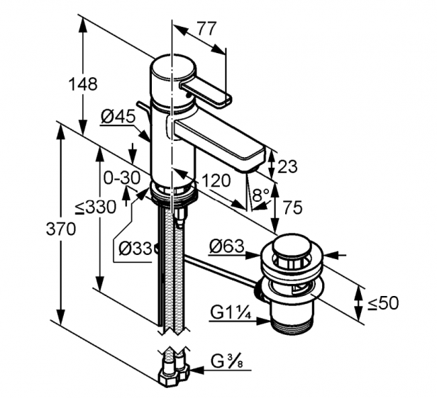 • elastyczne wężyki ciśnieniowe G 3/8
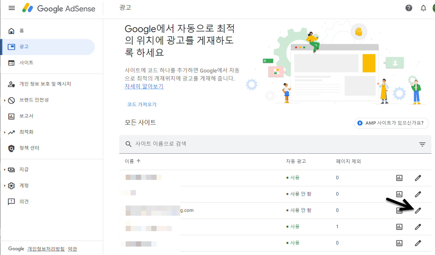 2. 사이트 목록이 나와 있는 화면에서 광고 위치를 수정할 사이트 이름의 맨 오른쪽에 있는 편집 아이콘(연필 모양의 아이콘)을 클릭합니다.
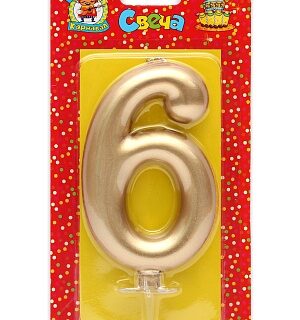 Свеча Цифра (6) Золотой металлик большая на блистере Дон карнавал С-1868
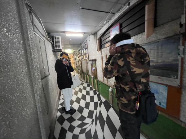 始めは慣れないトリックアートと緊張でぎこちなさが見られます。しかし、ここは出会いの場!逆境を乗り越えつつコミュニケーションを図っていました!
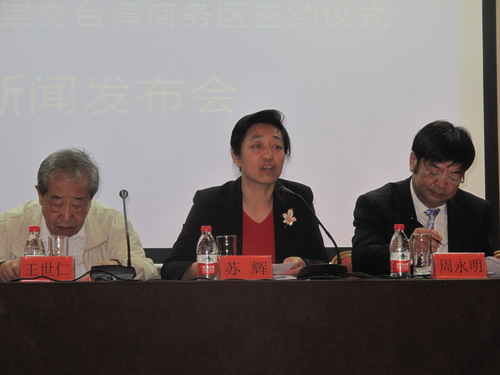 北京市台联会长苏辉(中)、北京市崇文区副区长周永明(右)在记者会上介绍台湾会馆和台湾商务区的相关情况。
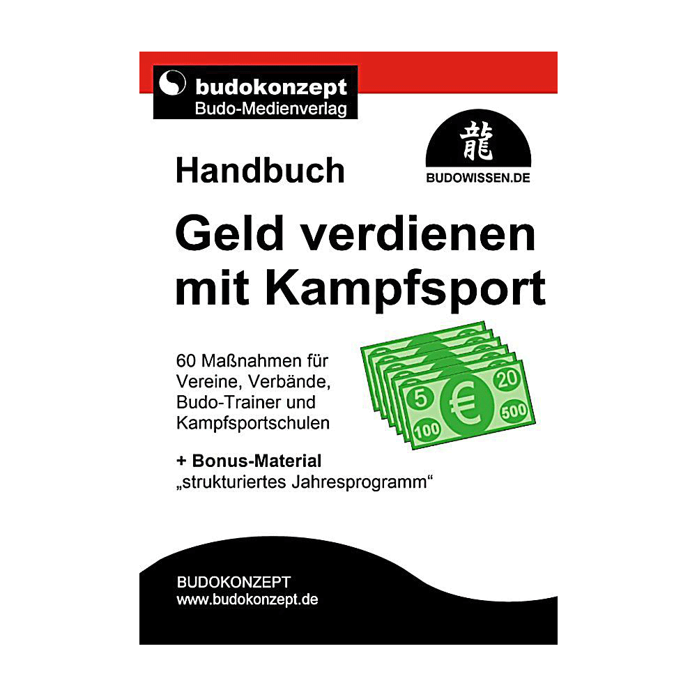 Das Handbuch "Geld verdienen mit Kampfsport" befasst sich mit der Frage, wie man mit seinem Hobby Geld verdienen kann, wie man als Trainer oder mit einer Kampfsportschule Erfolg hat, aber auch wie man für Vereine und Verbände die erforderlichen Einnahmen erzielt und steigert.
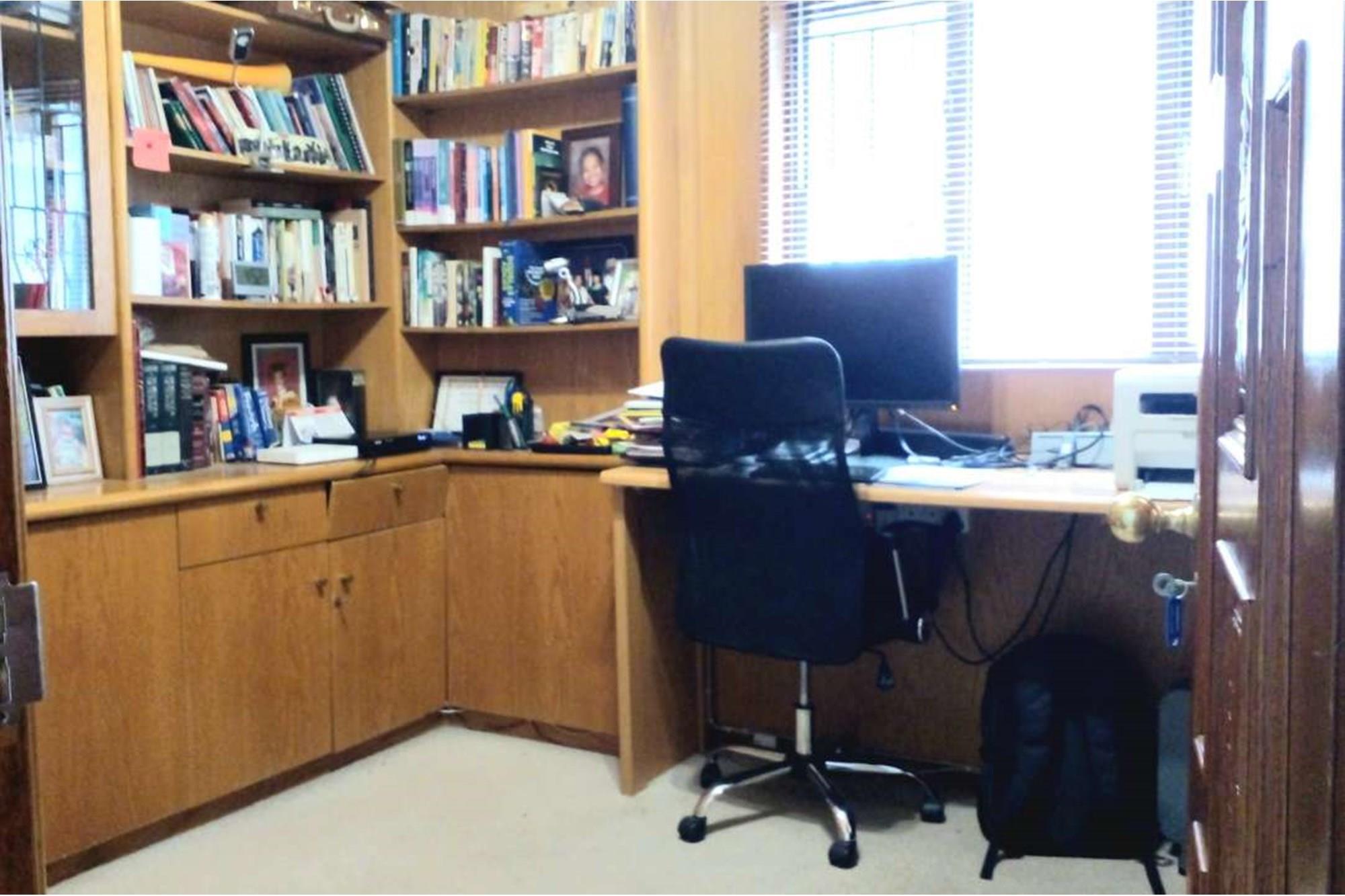 The cozy study is adjacent to the entrance hall and is lined with book shelves from floor to ceiling. The window looks out at the front entrance to the house.
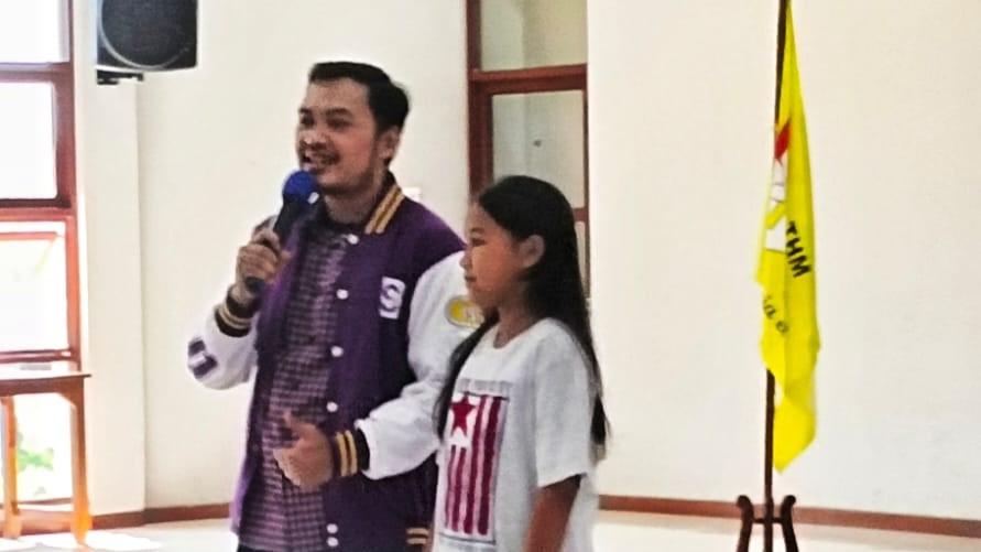 Romo Pras saat berbincang dengan salah satu peserta workshop
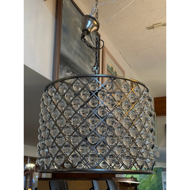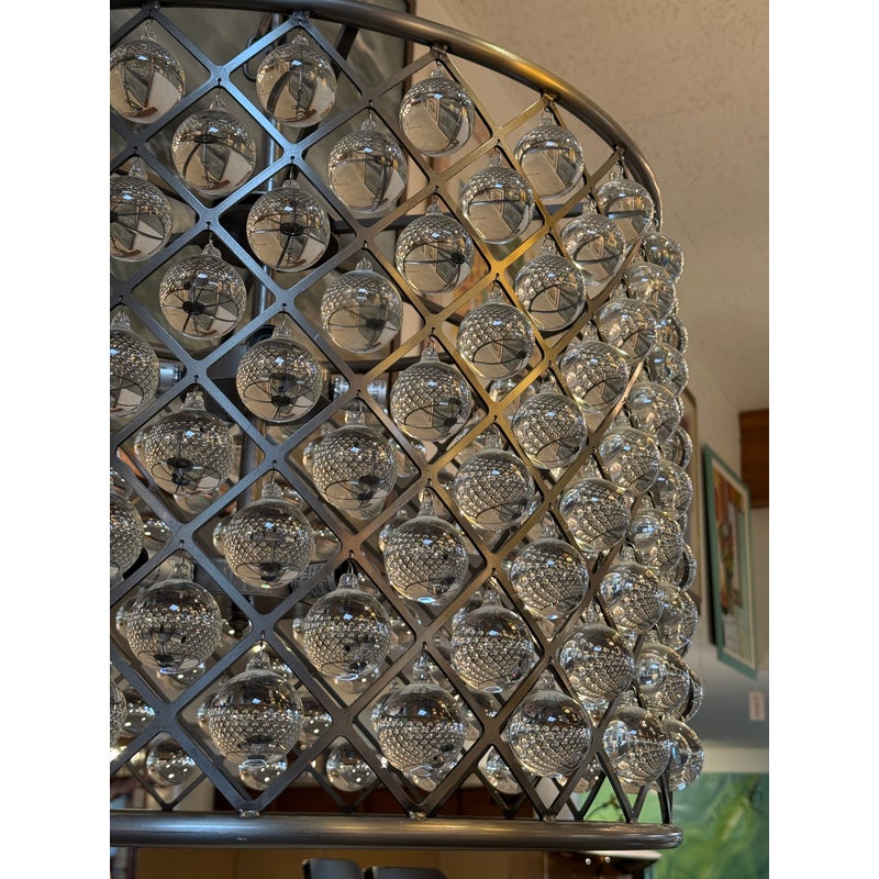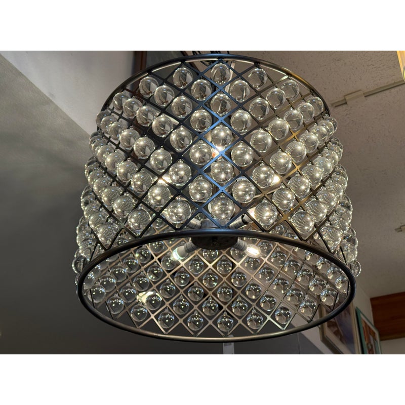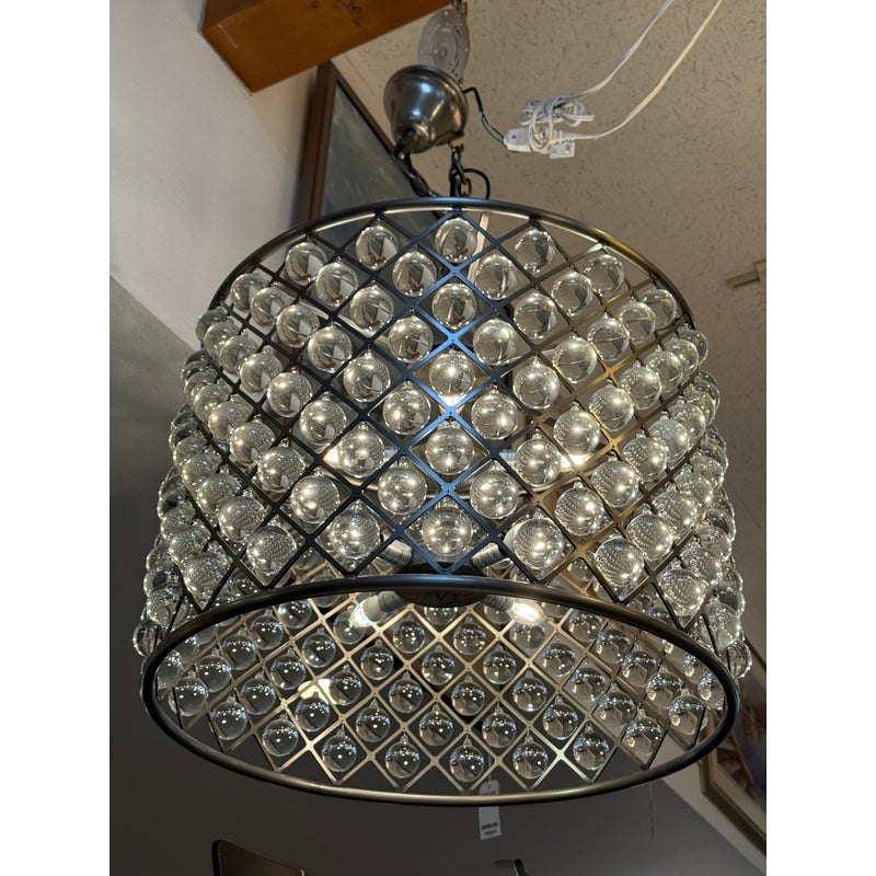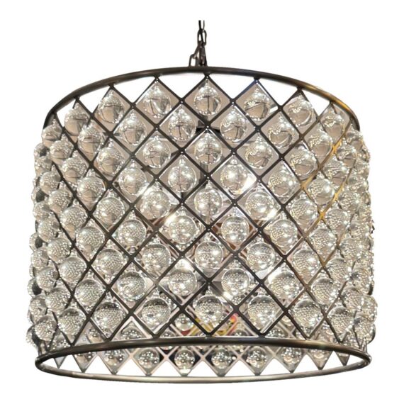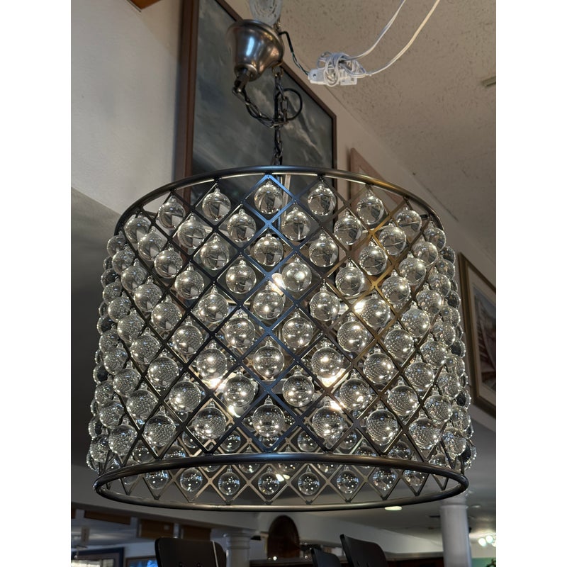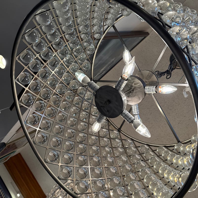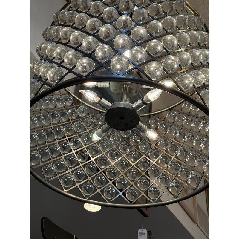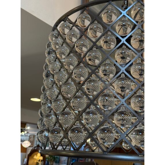 Design Plus Gallery presents the Spencer Hoop Chandelier by Restoration Hardware. Designed by Timothy Oulton, the Spencer’s crystal glass spheres reflect eight candelabra bulbs like gems within its black forged iron grid. In good condition, minimal wear.
====
◆ Work task
Please print all of the records above exactly, omitting each picture.

◆ Solution for this problem
 • elastyczne wężyki ciśnieniowe G 3/8
 2. 사이트 목록이 나와 있는 화면에서 광고 위치를 수정할 사이트 이름의 맨 오른쪽에 있는 편집 아이콘(연필 모양의 아이콘)을 클릭합니다.
 Свеча Цифра (6) Золотой металлик большая на блистере Дон карнавал С-1868
 始めは慣れないトリックアートと緊張でぎこちなさが見られます。しかし、ここは出会いの場!逆境を乗り越えつつコミュニケーションを図っていました!
 北京市台联会长苏辉(中)、北京市崇文区副区长周永明(右)在记者会上介绍台湾会馆和台湾商务区的相关情况。
 Das Handbuch "Geld verdienen mit Kampfsport" befasst sich mit der Frage, wie man mit seinem Hobby Geld verdienen kann, wie man als Trainer oder mit einer Kampfsportschule Erfolg hat, aber auch wie man für Vereine und Verbände die erforderlichen Einnahmen erzielt und steigert.
 The cozy study is adjacent to the entrance hall and is lined with book shelves from floor to ceiling. The window looks out at the front entrance to the house.
 Romo Pras saat berbincang dengan salah satu peserta workshop
 Design Plus Gallery presents the Spencer Hoop Chandelier by Restoration Hardware. Designed by Timothy Oulton, the Spencer’s crystal glass spheres reflect eight candelabra bulbs like gems within its black forged iron grid. In good condition, minimal wear.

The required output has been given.